There is only one pro store in NY.  It's 7 west 22nd street.
enjoy


----------



## Lip_gloss_whore (Feb 4, 2008)

How much where the fafi dolls????


----------



## AppleDiva (Feb 4, 2008)

yay on the haul...cant wait to see pics!


----------



## dromero (Feb 4, 2008)

The dolls were $9 each


----------



## MisaMayah (Feb 4, 2008)

*Drool* where are the pics?!! lol..ur teasing us =(


----------



## dialine13 (Feb 5, 2008)

Quote:

   Originally Posted by *noahlowryfan* 

 
_anyone can buy the Fafi stuff. you don't need a pro card. pro card just gives you a discount._

 

i know that.. i was asking if you needed a pro card because it is at the pro store... and the collection isn't really released to the public yet. so if i don't have a pro card would they sell it to me... I have already shopped at the nyc pro store. basically do i have to wait until the 7th or 13th to get fafi stuff?


----------



## bluebird08 (Feb 5, 2008)

So jealous...


----------



## LC (Feb 5, 2008)

all of us girls at the mac store i work at have all put some fafi things on hold for ourselves because we're not allowed to buy them until the 13th. i'm sooo excited. the lip sticks are definitely the best thing about this launch, and i get to dress up like a fafi doll for our fafi event! yay!


----------



## Krasevayadancer (Feb 5, 2008)

Wow- enjoy your goodies!


----------



## yahighness (Feb 7, 2008)

I'm really anticipating Sugar Trance.

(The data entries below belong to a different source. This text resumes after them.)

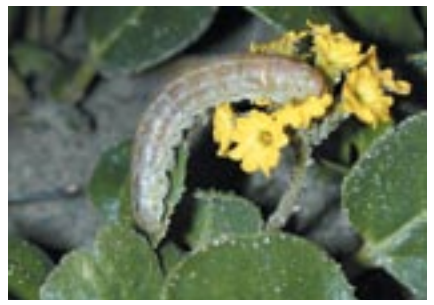
SAND-VERBENA MOTH LARVAE FEED-ING ON RARE YELLOW SAND-VERBENA.

If you are a private land owner with dunes on your property, avoid activities that will damage dune vegetation or impede the flow of sand. In particular, locate roads and buildings outside the dune zone to avoid creating a situation where artificial stabilization of the sand is required to protect your property, and remove existing artificial barriers to sand flow.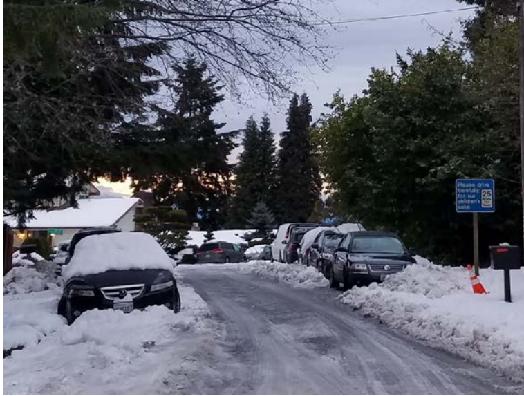
Very hard for the plow to drive in the areas where vehicles park on both side of the street.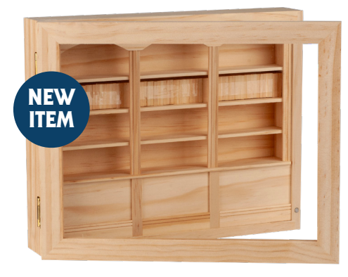
Bookcase in a Case Set #42003 · 101/8" x 81/8" x 2"D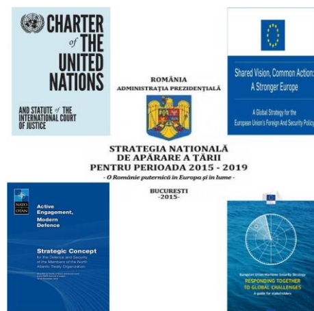
Figure 1: Main driven documents for national defense

Considering her attributes and responsibilities derived from her membership to UN, European Union and NATO, Romania drafted her own National Defense Strategy, White Book of Defense and Military Strategy in line with the allied similar ones having as center of gravity Romanian's values and interests. In this respect, the Romanian Armed Forces drafted its own doctrines and national laws in order to be ready to contribute to collective defense, crises management and cooperative security.

How did you like it?!


----------



## kaylaklvc (Feb 7, 2008)

Congrats on a great hall! I'm going to my Macy's tomorrow for a Fafi makeover- I'm so excited!


----------



## zabbazooey (Feb 7, 2008)

I'm dying to get my hands on Fafi! I am so jealous! Enjoy


----------



## Jot (Feb 7, 2008)

we still have so long for fafi!


----------



## ZoZo (Feb 7, 2008)

Enjoy it.


----------



## Sarah (Feb 7, 2008)

Enjoy


----------